◆ **Task material**:
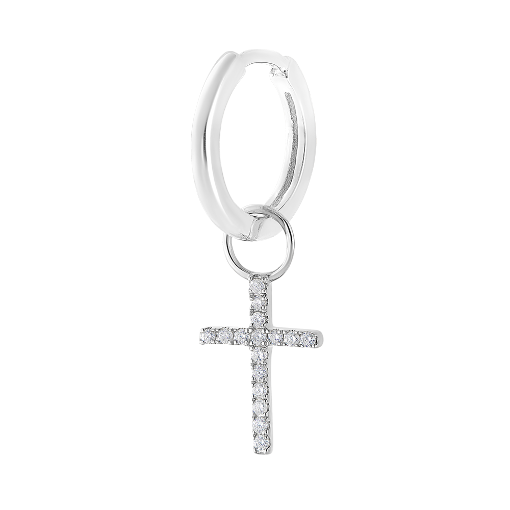 Este pendiente criolla único está elaborado en oro blanco de 9 quilates y decorado con un dije en forma de cruz pavimentado con 16 diamantes brillantes.
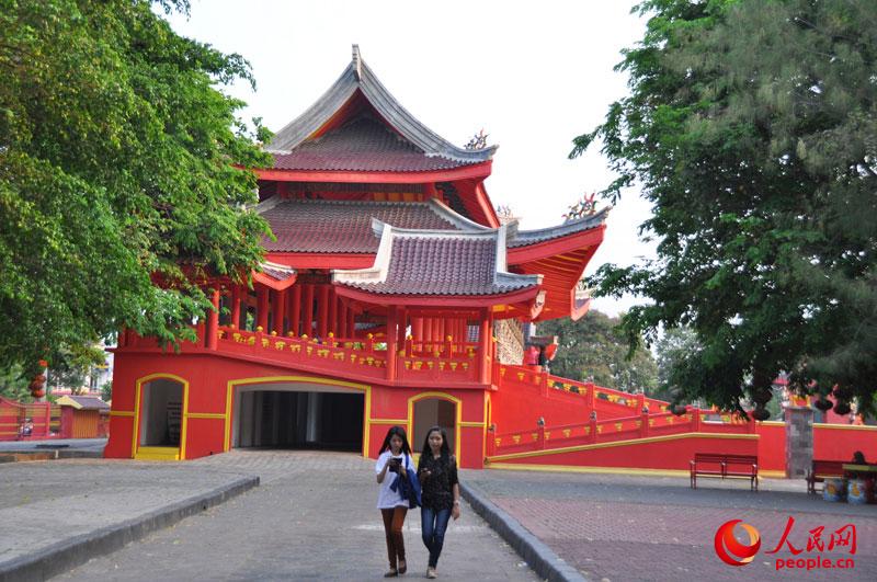 1.A big palace of Ming style with red tiles and white walls is at the entrance of Sam Po Kong. (People's Daily Online/Li Haixia)
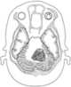 The cerebellar vermis (from Latin vermis, "worm") is located in the medial, cortico-nuclear zone of the cerebellum, which is in the posterior fossa of the cranium. The primary fissure in the vermis curves ventrolaterally to the superior surface of the cerebellum, dividing it into anterior and posterior lobes. [Source: Wikipedia ]
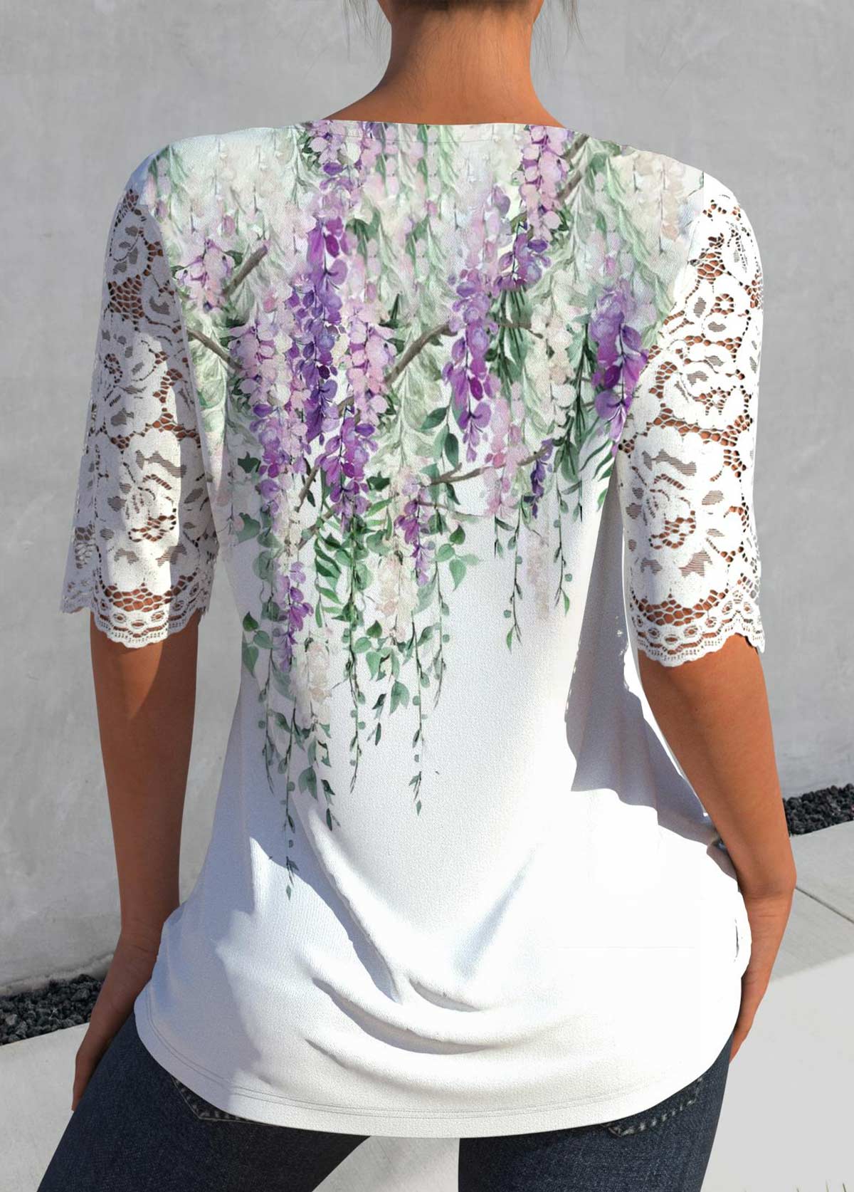 • Floral Print Lace White Half Sleeve Split Neck Blouse
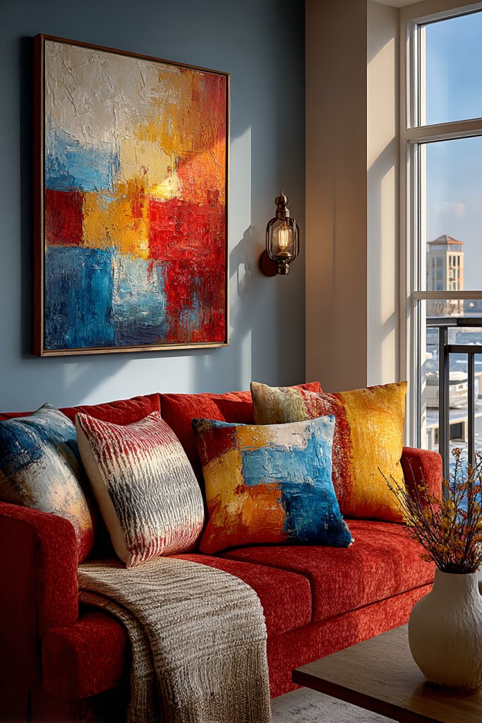Picture a large canvas with sweeping brushstrokes in vibrant reds, blues, and golds. The abstract forms evoke emotion and curiosity, inviting viewers to interpret the shapes. The textured paint adds depth, catching light differently throughout the day. The artwork anchors the room and ties together various decor elements with its dynamic presence.
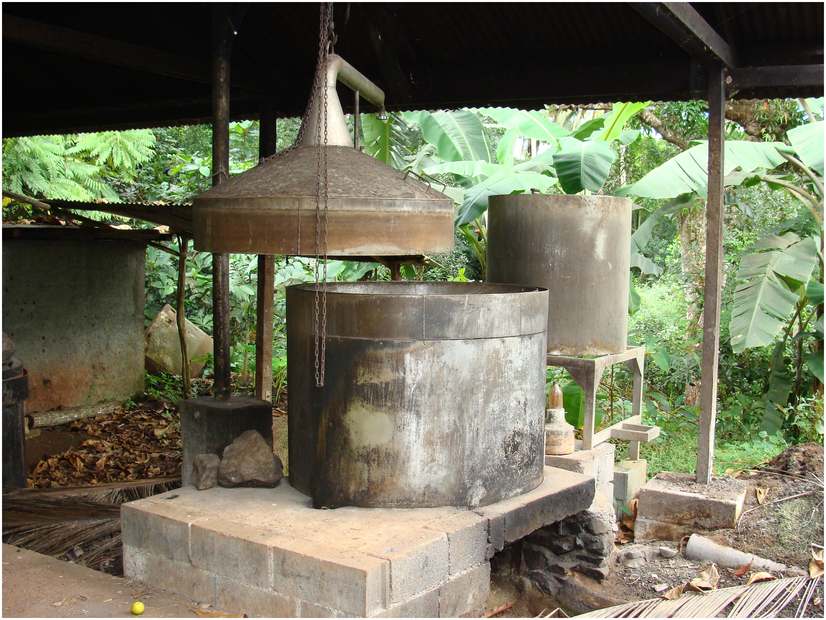 Le sentier traverse quelques gués, monte le long des jardins et des exploitations d'ylang ylang, puis s'enfonce dans la forêt. Dans le nord de l'île de Mayotte il y a de nombreux orangers plus ou moins bien entretenus. Dans la pénombre et la fraîcheur d'un bosquet un jardinier cultive de la vanille.

◆ **Exercise aim**:
No pictures belong in the output. Restate word for word only the lines from the one containing "Picture a large" to the end of the entries above.

◆ **Answer**:
Picture a large canvas with sweeping brushstrokes in vibrant reds, blues, and golds. The abstract forms evoke emotion and curiosity, inviting viewers to interpret the shapes. The textured paint adds depth, catching light differently throughout the day. The artwork anchors the room and ties together various decor elements with its dynamic presence.
 Le sentier traverse quelques gués, monte le long des jardins et des exploitations d'ylang ylang, puis s'enfonce dans la forêt. Dans le nord de l'île de Mayotte il y a de nombreux orangers plus ou moins bien entretenus. Dans la pénombre et la fraîcheur d'un bosquet un jardinier cultive de la vanille.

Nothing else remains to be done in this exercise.